'... Another profession dominated and ruled by men'. That is what a lady friend of mine commented recently about the IT field.
Though, I have to agree with my ultra feminist friend that the male gender is in the majority when it comes to computer and internet related jobs - I also have to point out that without the brilliance and priceless contribution of many women the industry that it would would have been completely different.
One such woman was Grace Hopper. She was a one women powerhouse of geek. She was the first to postulate that because computers should be easier to program for their users, a higher level programming language could be created and then compiled into low level machine code.
In the early 1950's she began working on the first compiler while working on the UNIVAC I.
All compilers today can trace their roots back to the work Grace Hopper did over 50 years ago. Every time I have built applications from source or tweaked my kernel - I am invoking a little bit of that magic Grace Hopper made possible.
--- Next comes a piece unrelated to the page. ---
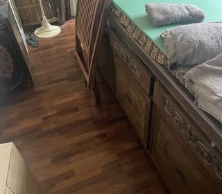 table de massage indonésienne en teck en très bon état avec 2 grands tiroirs de rangement
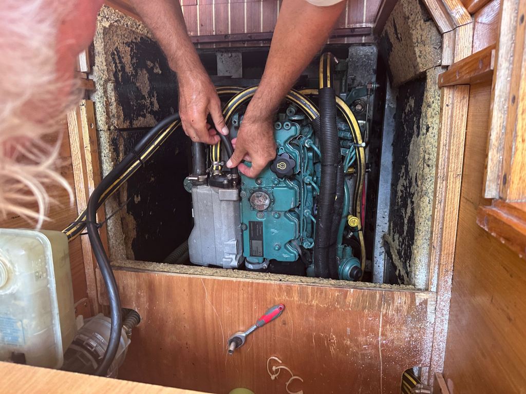 It was Friday the 13th of March when we decided to leave Cartagena, heading back to San Blas. After a quick visit ashore to print out our exit Zarpe we lifted the anchor heading to our first stop Islas Rosarios, 20 nm away. Even if I might repeat myself, but I’m once again pretty sure sailors do have guardian angels! ‘Cause only thanks to Norbert’s sudden intuition to check the engine, we were literally saved from loosing our engine. What? Yes! By chance he checked on the engine and saw that water was in the bilge. Not good at all. We were about 45 min out of the bay of Cartagena when Norbert realised that the hose between the heat exchanger and expansion pot was broken. All the cooling water was already in the bilge and not running through the heat exchanger anymore. Without water, no cooling. Without cooling the engine would have overheated and then just broken down. How lucky were we? For sure someone made Norbert look at the engine so we could save it and a loooooooot of money. We turned around and headed back to the city. Of course Norbert filling in water making sure the engine wouldn’t overheat. Once back, Norbert went ashore to get a new hose. Already in the first shop he got lucky and found a fitting one. Meanwhile I had cleaned the bilge so he could immediately attach the new hose. Only two hours later -very happy and relieved- we were again on our way. I can tell you that was a delay we were more than willing to have done – I don’t want to imagine what would have happened if Norbert hadn’t seen the water in the bilge…

'Bugs' is a term used to referred to errors in ones program code. Another contribution to computer science from Grace. While working on a Mark II at Harvard University a moth was discovered in a relay preventing it from working properly. The bug was removed. Later she tapped that bug into a log book with the comment 'First actual case of a bug being found'. It is open to debate as to whether the term debugging orginated here - but after this moth and the log entry, the terming debugging was set firmly within the geek lexicon.